## Activity
Leave the pictures out and transcribe every record exactly.

Stored items:
__________________________________________________

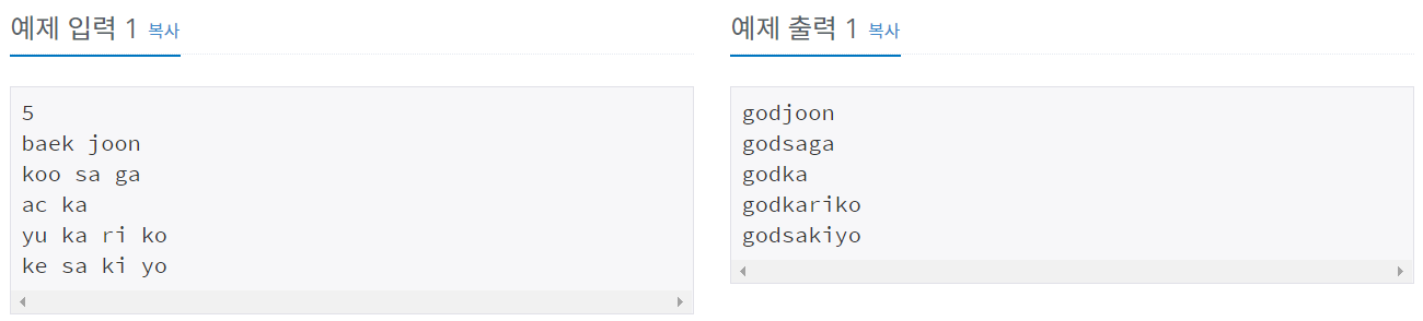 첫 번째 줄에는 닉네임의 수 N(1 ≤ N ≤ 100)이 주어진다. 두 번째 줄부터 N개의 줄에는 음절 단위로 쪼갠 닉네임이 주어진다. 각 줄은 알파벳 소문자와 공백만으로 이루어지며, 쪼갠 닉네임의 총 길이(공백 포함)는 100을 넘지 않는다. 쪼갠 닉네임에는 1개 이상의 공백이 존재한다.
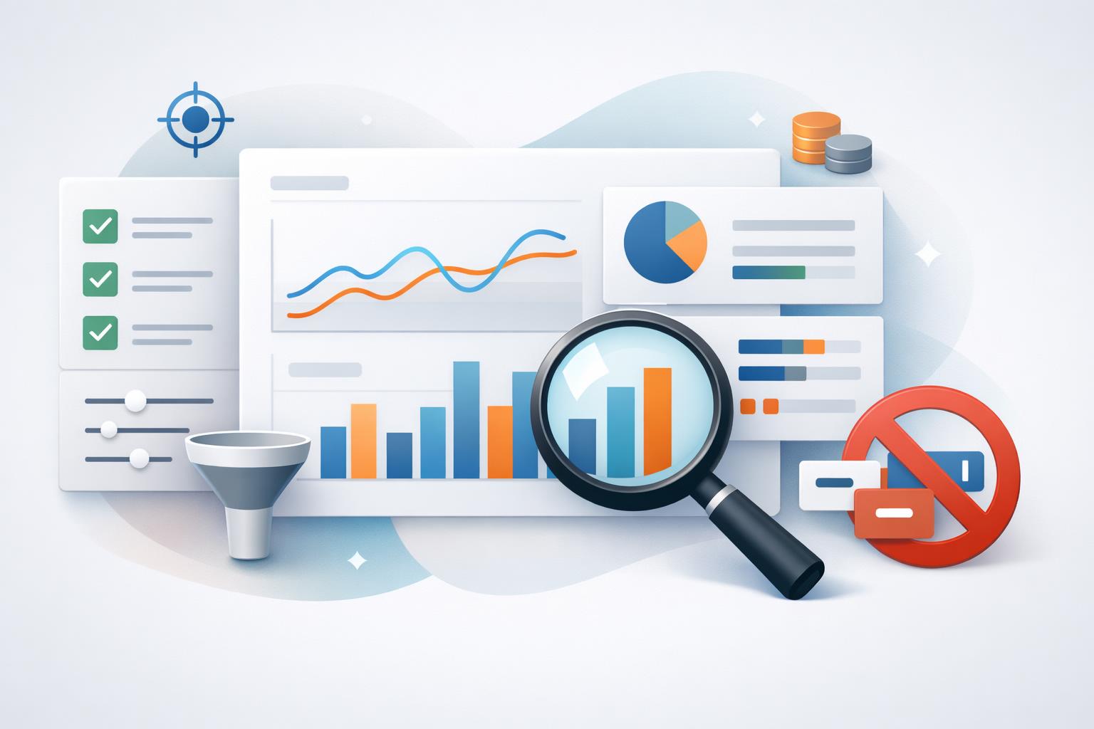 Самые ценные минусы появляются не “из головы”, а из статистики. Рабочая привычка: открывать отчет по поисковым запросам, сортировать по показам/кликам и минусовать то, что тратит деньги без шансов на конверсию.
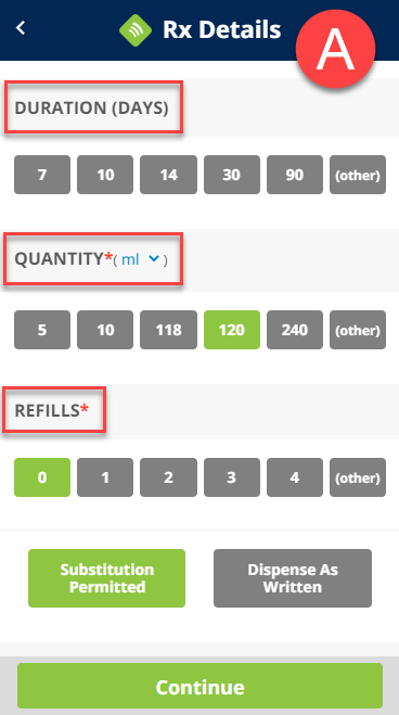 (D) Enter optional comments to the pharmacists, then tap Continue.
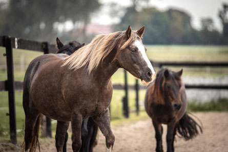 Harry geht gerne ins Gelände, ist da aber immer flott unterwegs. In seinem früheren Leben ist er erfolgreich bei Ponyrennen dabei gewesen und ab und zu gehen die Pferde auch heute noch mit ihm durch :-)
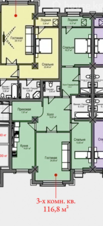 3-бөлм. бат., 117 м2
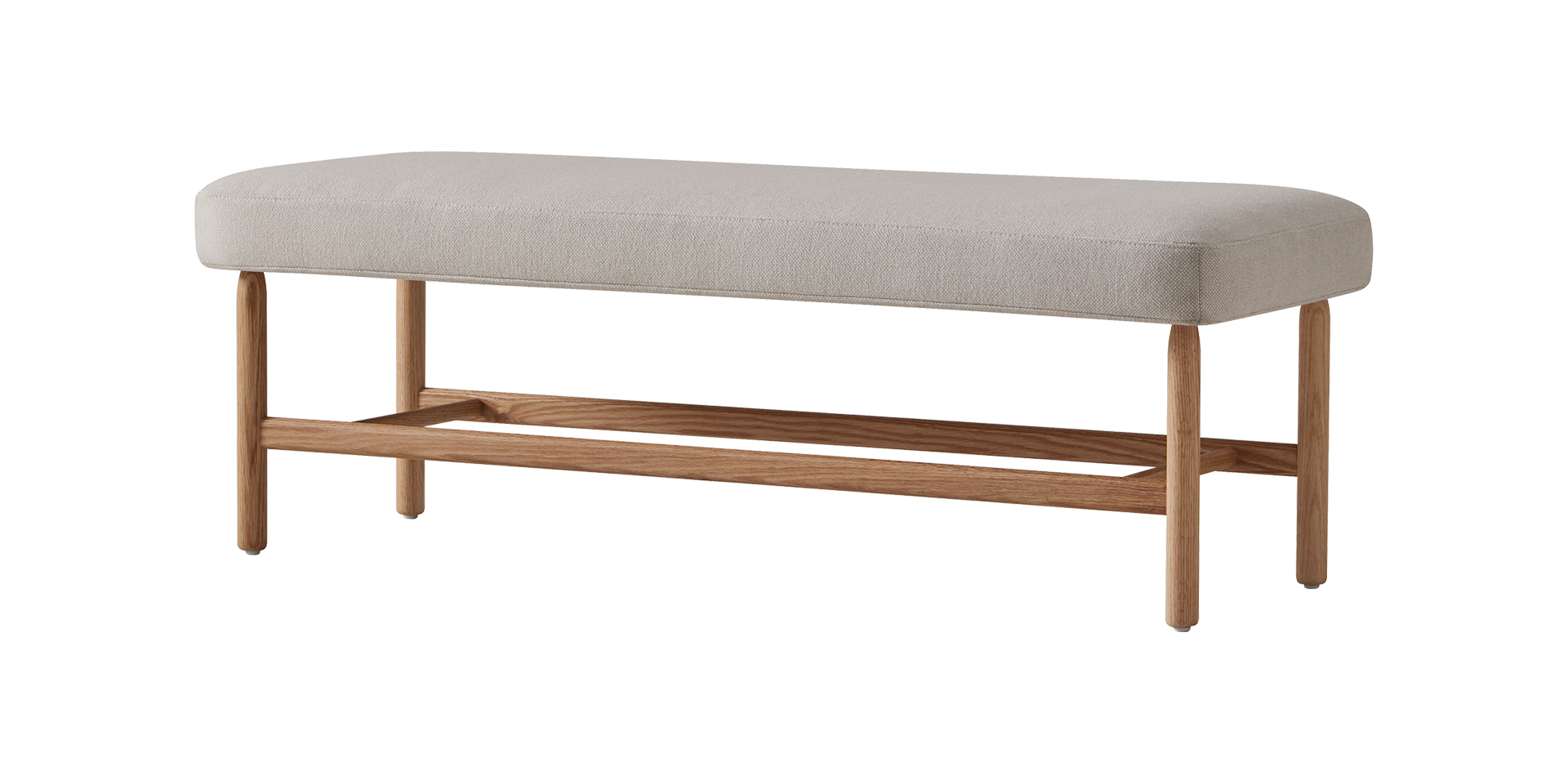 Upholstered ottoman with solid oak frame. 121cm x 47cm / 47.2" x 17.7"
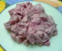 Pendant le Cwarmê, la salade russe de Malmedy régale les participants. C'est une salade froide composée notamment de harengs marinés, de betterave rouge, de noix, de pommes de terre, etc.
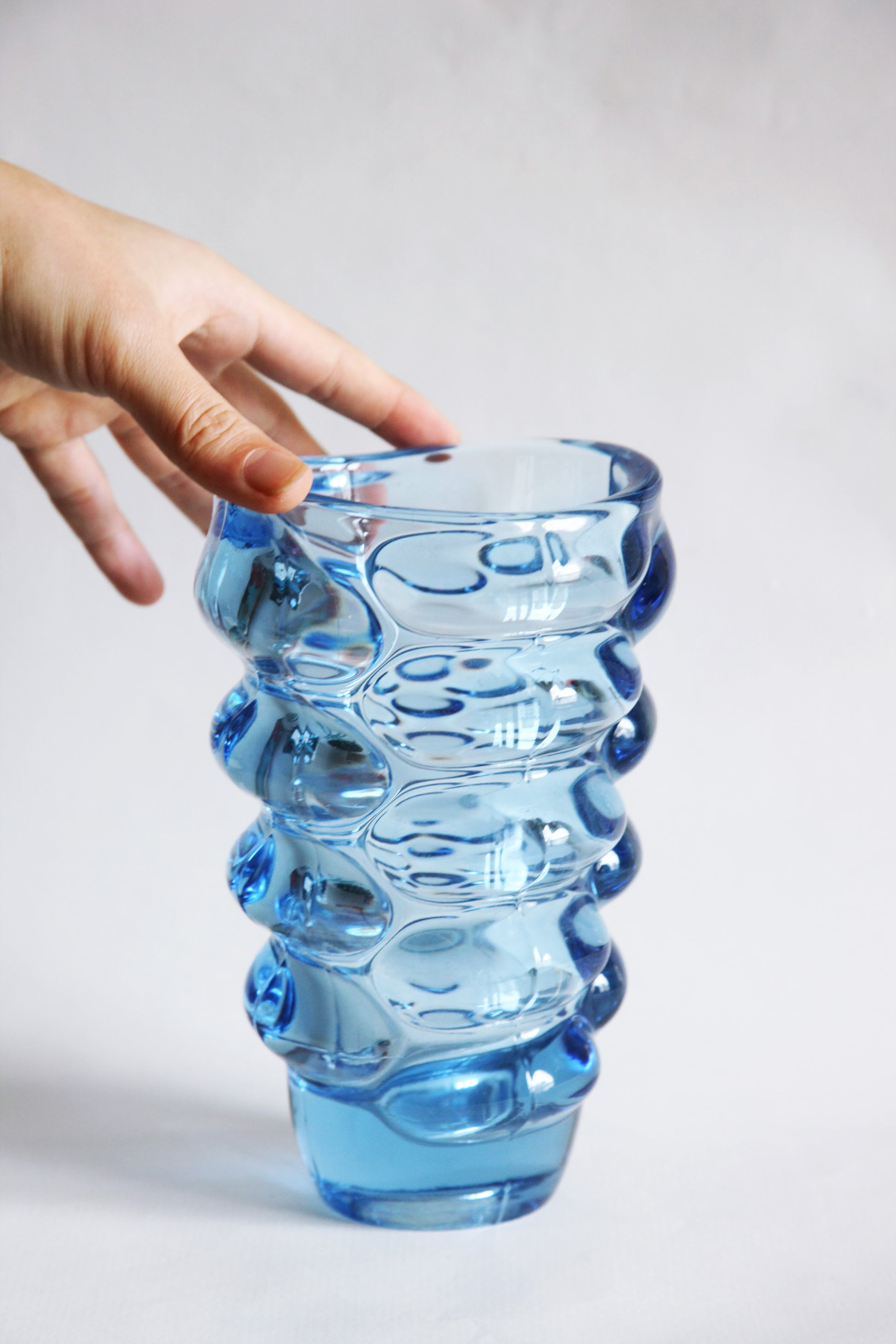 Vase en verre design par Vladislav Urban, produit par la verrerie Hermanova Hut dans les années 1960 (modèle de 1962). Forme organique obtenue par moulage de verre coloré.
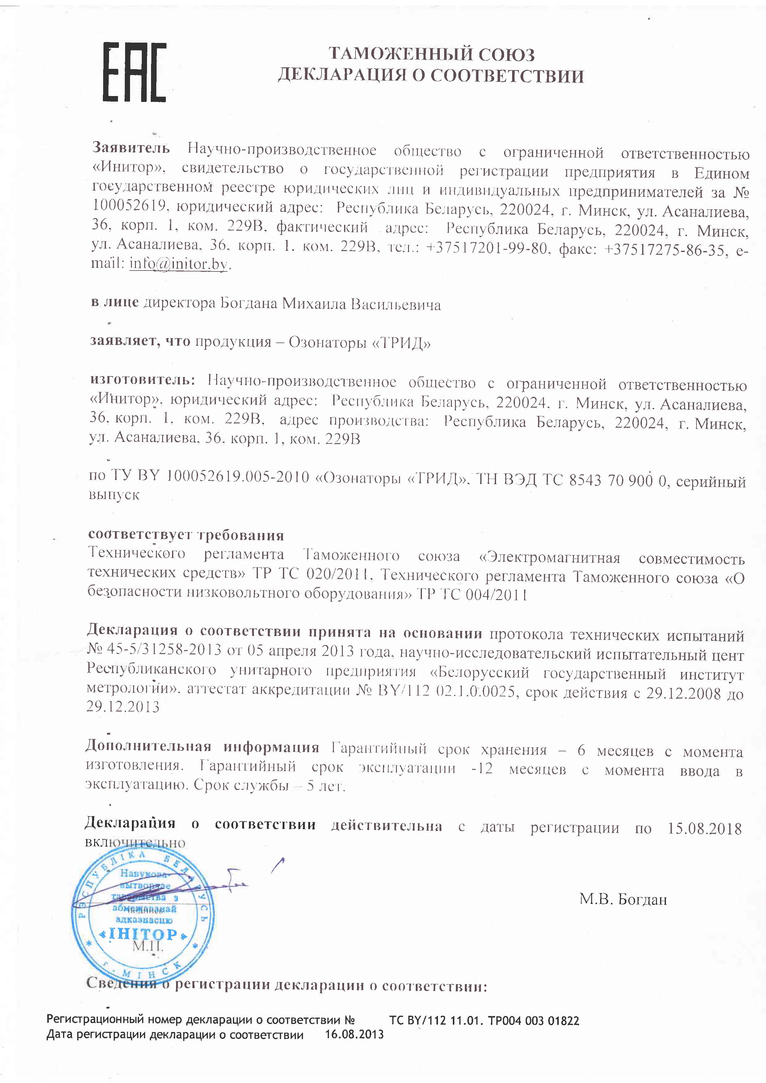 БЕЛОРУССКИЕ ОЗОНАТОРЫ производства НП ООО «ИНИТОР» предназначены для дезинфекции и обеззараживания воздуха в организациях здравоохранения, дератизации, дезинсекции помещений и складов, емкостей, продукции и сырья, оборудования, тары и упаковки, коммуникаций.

__________________________________________________

## Reply
 첫 번째 줄에는 닉네임의 수 N(1 ≤ N ≤ 100)이 주어진다. 두 번째 줄부터 N개의 줄에는 음절 단위로 쪼갠 닉네임이 주어진다. 각 줄은 알파벳 소문자와 공백만으로 이루어지며, 쪼갠 닉네임의 총 길이(공백 포함)는 100을 넘지 않는다. 쪼갠 닉네임에는 1개 이상의 공백이 존재한다.
 Самые ценные минусы появляются не “из головы”, а из статистики. Рабочая привычка: открывать отчет по поисковым запросам, сортировать по показам/кликам и минусовать то, что тратит деньги без шансов на конверсию.
 (D) Enter optional comments to the pharmacists, then tap Continue.
 Harry geht gerne ins Gelände, ist da aber immer flott unterwegs. In seinem früheren Leben ist er erfolgreich bei Ponyrennen dabei gewesen und ab und zu gehen die Pferde auch heute noch mit ihm durch :-)
 3-бөлм. бат., 117 м2
 Upholstered ottoman with solid oak frame. 121cm x 47cm / 47.2" x 17.7"
 Pendant le Cwarmê, la salade russe de Malmedy régale les participants. C'est une salade froide composée notamment de harengs marinés, de betterave rouge, de noix, de pommes de terre, etc.
 Vase en verre design par Vladislav Urban, produit par la verrerie Hermanova Hut dans les années 1960 (modèle de 1962). Forme organique obtenue par moulage de verre coloré.
 БЕЛОРУССКИЕ ОЗОНАТОРЫ производства НП ООО «ИНИТОР» предназначены для дезинфекции и обеззараживания воздуха в организациях здравоохранения, дератизации, дезинсекции помещений и складов, емкостей, продукции и сырья, оборудования, тары и упаковки, коммуникаций.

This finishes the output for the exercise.